## What to produce
Would you mind restating all of the records word for word, skipping the pictures?

[Entries supplied — start]

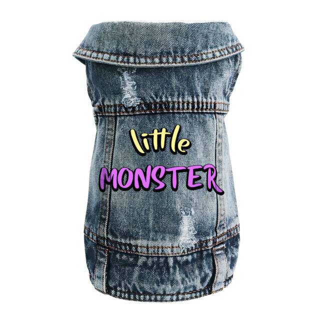 Little Monster Dog Denim Vest - Unique Dog Denim Jacket - Word Print Dog Clothing Dog Clothing Pet Products
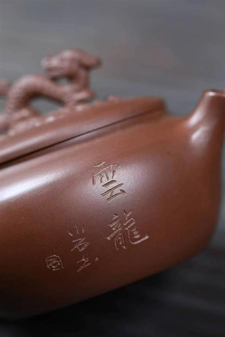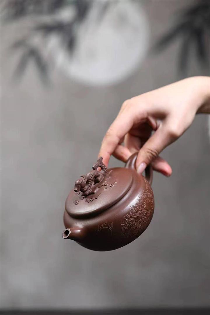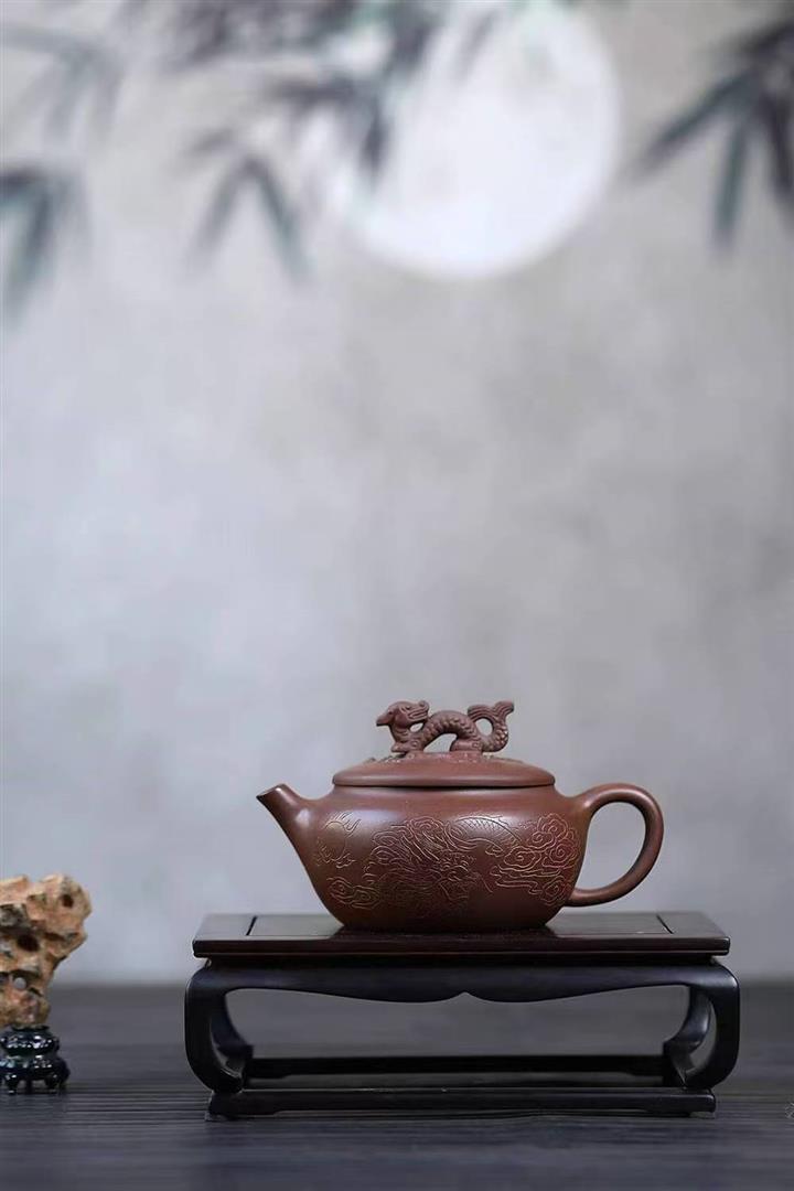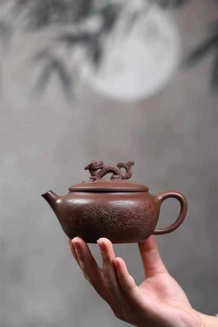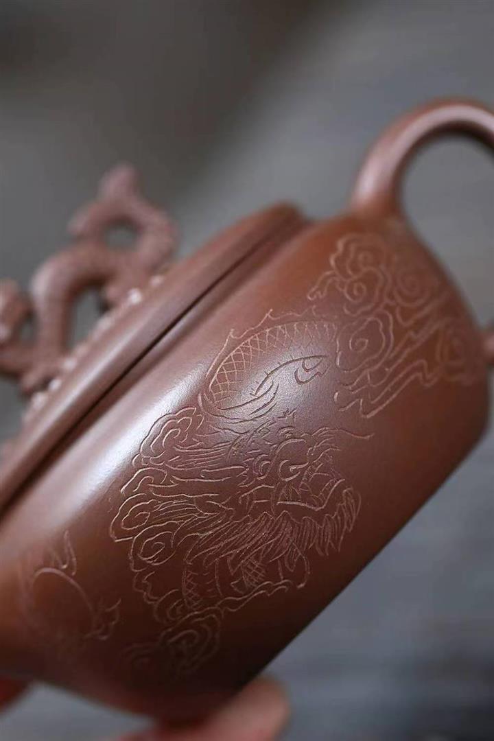 原礦陳腐紫泥刻繪雲龍德鐘壺POT6575
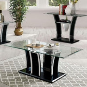 Staten Glossy Black/Chrome Coffee Table, 47 1/4"L X 23 5/8"W X 17 3/4"H, 60.06lbs. Curves define this sophisticated occasional table set. The sweeping sides of the lacquer-coated legs are trimmed in vibrant chrome creating a modern feel to any space. Square glass top elevate the look and create a compact shape that can fit against walls or corners. Features: 8mm Tempered Glass Top Open Bottom Shelf Curved Table Legs Chrome Trim
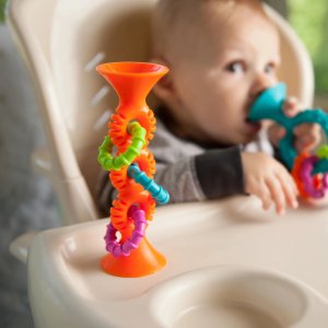 Pestrofarebné silikónové hryzátko, ktoré hrkajú a určite zaujme malé deti.
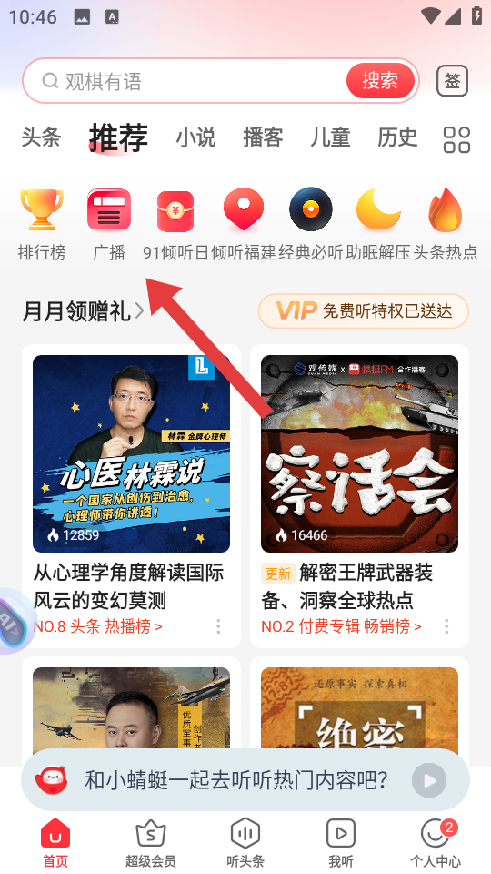 1、打開蜻蜓FM首頁,點(diǎn)擊廣播選項(xiàng),進(jìn)入廣播分類頁面,這里能看到不同地區(qū)、類別的廣播頻道。
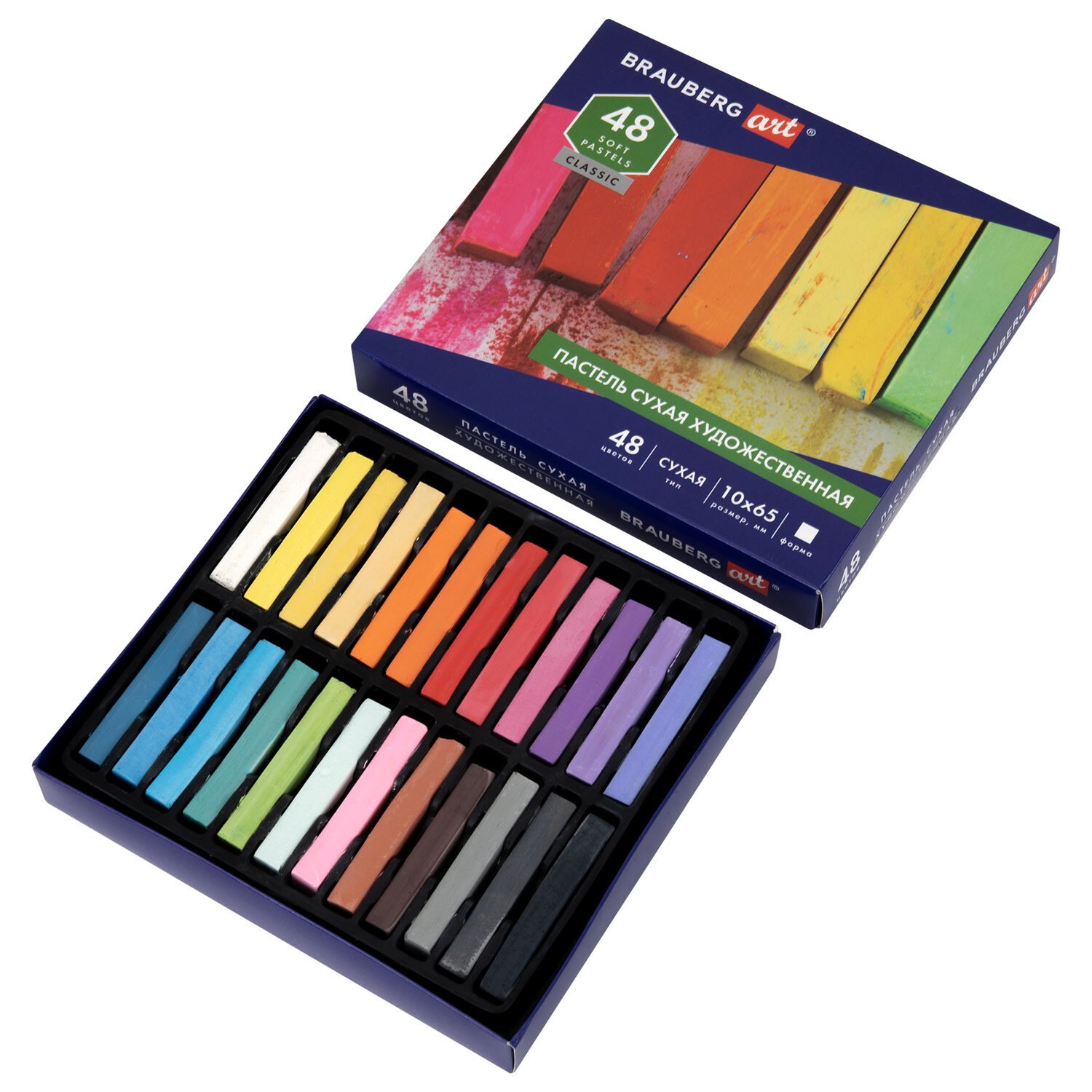 Пастель сухая художественная BRAUBERG ART CLASSIC, 48 цветов, квадратное сечение, 182094
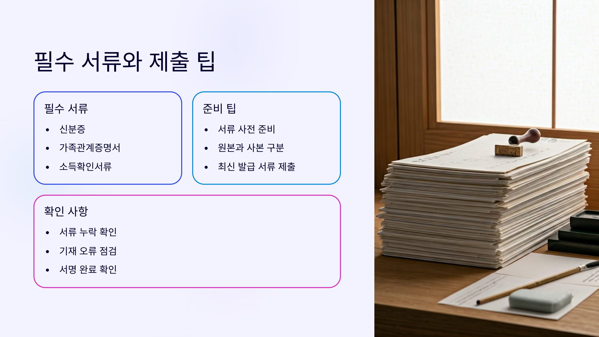 복잡하지 않아서 누구나 쉽게 준비할 수 있지만, 서류가 누락되면 심사 지연이 생길 수 있으니 꼼꼼히 챙기는 게 중요해요.
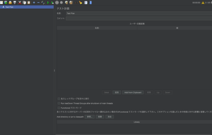 起動すると左側のツリーに「テスト計画(Test Plan)」が表示されます。

[Entries supplied — finish]

## Answer to this problem
 Little Monster Dog Denim Vest - Unique Dog Denim Jacket - Word Print Dog Clothing Dog Clothing Pet Products
 原礦陳腐紫泥刻繪雲龍德鐘壺POT6575
 Staten Glossy Black/Chrome Coffee Table, 47 1/4"L X 23 5/8"W X 17 3/4"H, 60.06lbs. Curves define this sophisticated occasional table set. The sweeping sides of the lacquer-coated legs are trimmed in vibrant chrome creating a modern feel to any space. Square glass top elevate the look and create a compact shape that can fit against walls or corners. Features: 8mm Tempered Glass Top Open Bottom Shelf Curved Table Legs Chrome Trim
 Pestrofarebné silikónové hryzátko, ktoré hrkajú a určite zaujme malé deti.
 1、打開蜻蜓FM首頁,點(diǎn)擊廣播選項(xiàng),進(jìn)入廣播分類頁面,這里能看到不同地區(qū)、類別的廣播頻道。
 Пастель сухая художественная BRAUBERG ART CLASSIC, 48 цветов, квадратное сечение, 182094
 복잡하지 않아서 누구나 쉽게 준비할 수 있지만, 서류가 누락되면 심사 지연이 생길 수 있으니 꼼꼼히 챙기는 게 중요해요.
 起動すると左側のツリーに「テスト計画(Test Plan)」が表示されます。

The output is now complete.